The comment that I always make is this is a commodity business and I think what goes up in the commodity space generally comes back down. I cannot say it's going to be next year or the year after, but eventually the pricing will come back into the realm of what we've seen in the past or somewhere in that range.
But if it does not and commodities continue to skyrocket, sugar is part of that complex. Sugar prices are going to go up because it is going to compete for land just like everything else does. So we may be looking at a new plateau for all of these products at a higher level or we see the commodity space go up and come back down to a new level. But in all instances, I think we're okay.
David Prichard - IR
Operator, I think we're closing in on the bottom of the hour and so we will take one more question, if there is one, before we close it down.
Operator
Vincent Andrews.
Vincent Andrews - Analyst
Thanks for taking the follow-up. I just -- the question I forgot before was if you could just comment on what the price gap is in Mexico between sugar and high fructose corn syrup to the extent that you can.
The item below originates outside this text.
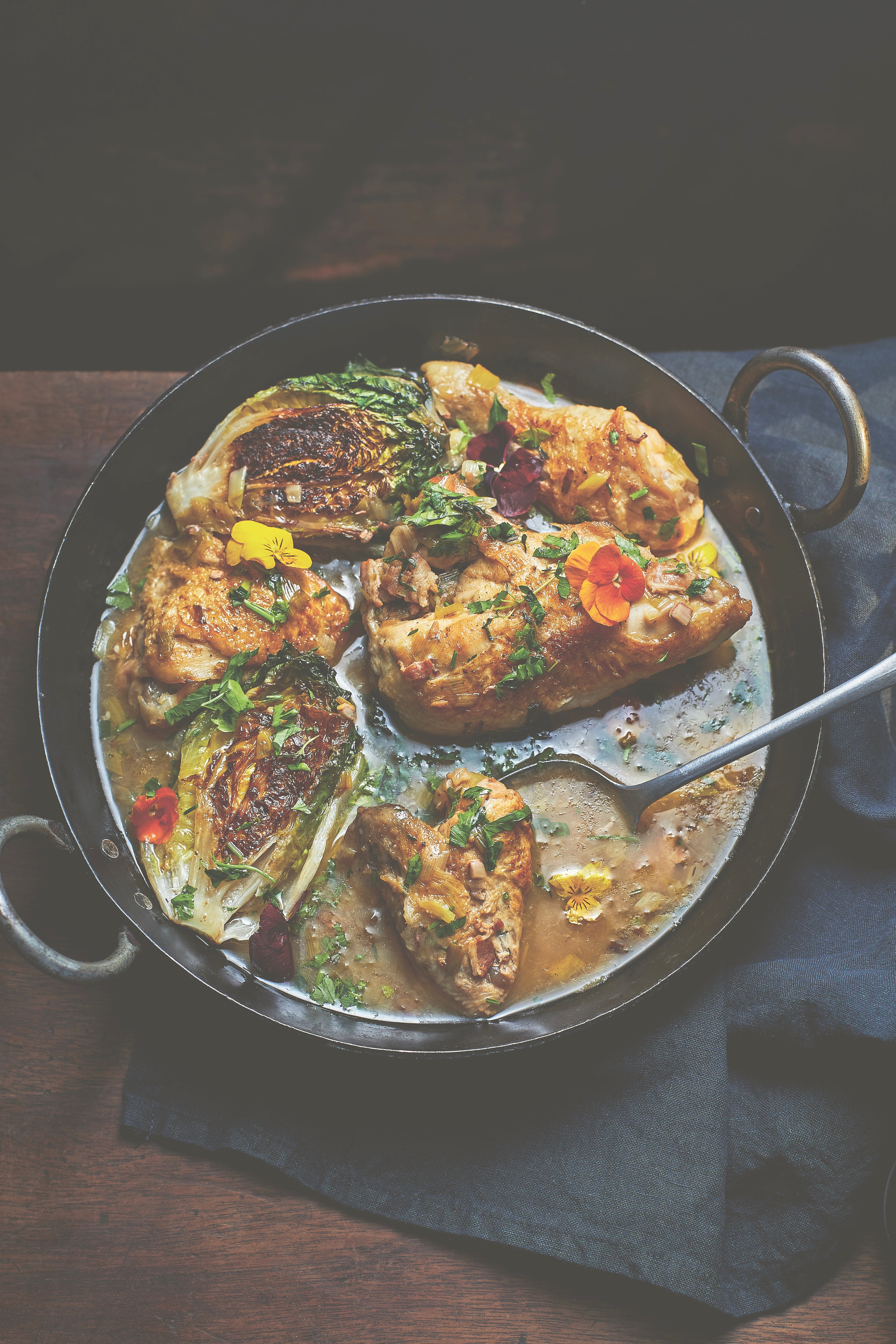 6. Remove the lemon slices from the sauce (they’ve done their work). Nestle the browned lettuce halves among the chicken portions. Cook for a further 5–10 mins or until the chicken is cooked. Adjust seasoning then serve scattered with the chopped herbs and edible flowers.

Sam Scott - Chairman, President, CEO
The price in sugar -- the price of sugar in Mexico, Vincent, has come down somewhat. There is still an advantage, but it is not as big as it was before. In Mexico, we tend to price very close to the sugar pricing.
Vincent Andrews - Analyst
Okay, that's good. Thanks a lot.
Sam Scott - Chairman, President, CEO
Thank you. Thank you all for your questions. They were good.
David Prichard - IR
I think, as a result, we do like to end this after 60 minutes. We know you have other calls and earnings reports to deal with, so with that, we will conclude our conference call and webcast this morning.
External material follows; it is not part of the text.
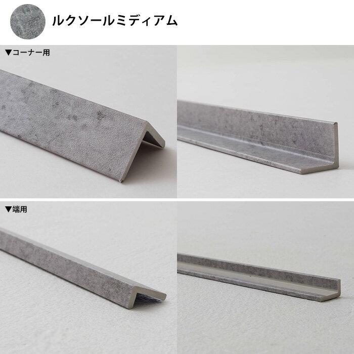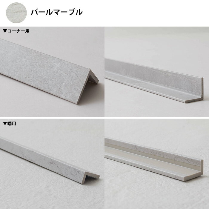 商品名 カラーズウォールデコシリーズ ウォールデコッシュプロ見切り材 1本 種類 端用、コーナー用 サイズ 端用 ・[大]8×15×2500mm ・[小]8×15×1230mm コーナー用 ・[大]20×20×2500mm ・[小]20×20×1230mm 厚み 端用:2.3mm コーナー用:2.5mm 重さ 端用 ・[大]約225g ・[小]約110g コーナー用 ・[大]約265g ・[小]約130g 材質 本体:SPC 表面:PVCフィルム カラー ルクソールミディアム、パールマーブル 使用方法 ▼端用 L字型の端用見切り材です。施工面の端に使用します。 ウォールデコッシュの側面や切り口を隠し、仕上げを綺麗に見せることができます。 [施工の種類] ・被せ L字の長辺をウォールデコッシュ表面に被せます。 ・中入れ ウォールデコッシュの裏の接着シート層を切り取り、L字の長辺を裏側に仕込みます。 ウォールデコッシュの表面と高さが揃い、フラットに仕上げることができます。 ▼コーナー用 同じ長さの辺の角用見切り材です。部屋の角や柱の出っ張りに使用します。 ウォールデコッシュの側面や切り口を隠し、仕上げを綺麗に見せることができます。 [施工の種類] ・出隅 柱や梁などの出っ張った角のことです。折り目でいうと山折りにあたる部分です。ウォールデコッシュの切り口が特に目立つ部分ですのでご使用をおすすめします。 ・入隅 部屋の壁同士が接する角や、壁と天井の境目の部分のことです。折り目でいうと谷折りにあたる部分です。長さが揃わなかった部分や切り口などを隠すことができます。 取り付け手順 1:必要なサイズを測り、カッターや金ノコでカットする。 2:シリコンボンドで取付る。 ※水廻りに施工して完全防水にする場合はコーキングで仕上げる。 商品の注意事項 ※「ウォールデコッシュプロ」専用の見切り材です。「ウォールデコッシュ」には使用できません。ご注意ください。 ・1本1本、模様や色味は異なります。ご指定はできませんので予めご了承下さい。 ・当製品は屋内でご使用ください。 ・250cmでご購入の際は設置場所だけでなく、玄関、廊下、階段、エレベーターなど搬入経路の幅と高さを事前にご確認ください。 ・カットする際はカッターや切り口での怪我防止のため、作業手袋の着用をおすすめします。 ご注意 ・平日午後12時までに、商品代引またはクレジットカード決済でのお支払の場合、最短即日出荷が可能です。(欠品や品薄など在庫状況により別途納期が掛かる場合がございます。予めご了承お願い致します。) ・開封後のお客様のご都合によります、返品・交換には対応いたしておりません。 ・出荷後の住所・送付先の変更は転送料が必要となりますので、ご注文前にお届け先住所を必ずご確認ください。 ・即日出荷の商品と、それ以外の商品を同時にご購入された場合は、納期の遅い方に合わせての出荷になります。即納商品を先にお受け取りになりたい場合は、備考欄にお書き添えください。 ・ご注文の前に当店のご注文規定を必ずご確認ください。ご注文の際は、こちらのページの内容をご理解いただいたものと判断させていただきます。 バスパネル パネル浴室 タイル 壁 壁用 お風呂 風呂 お風呂場 トイレ 水廻り キッチン 洗面所 DIY 貼り付け 貼り替え 張替え リフォーム タイル壁 直接 貼れる カッターナイフで施工可能 変身 初めての方 セルフリフォーム リノベ リノベーション セルフ アルパレージ バスリブ 簡単 シールタイプ 浴室パネル バスパネル ニッチ 壁の補修 水まわり 水周り 木目タイル 石目タイル 木目 石目 DIY 見切り材 綺麗に見せる水回りに使える簡単施工の防水パネル「WALL DECOSH PROウォールデコッシュプロ」専用の見切り材です。端用、コーナー用の2種類に長さが2サイズとなります。ご使用の種類・長さをご購入ください。※「ウォールデコッシュプロ」専用の見切り材です。「ウォールデコッシュ」には使用できません。ご注意ください。 COLOR VARIATIONカラーバリエーション SIZE&DETAILサイズ&詳細 Construction example施工例

I do want to remind you that we have a replay of the webcast. This is through www.CornProducts.com and we also have a replay of the audio conference call. That is available to you through Friday, November 16 and you can call 719-457-0820 and use pass code 4291276. (OPERATOR INSTRUCTIONS) for an audio conference call replay.
On behalf of Sam Scott and Cheryl Beebe, I want a thank you all for participating in our call this morning and we look forward to talking with you again early in the new year, probably late January or so, with our 2007 fourth-quarter and full-year results. Have a good day.
Operator
This concludes today's conference call. We thank you for your participation. You may now disconnect.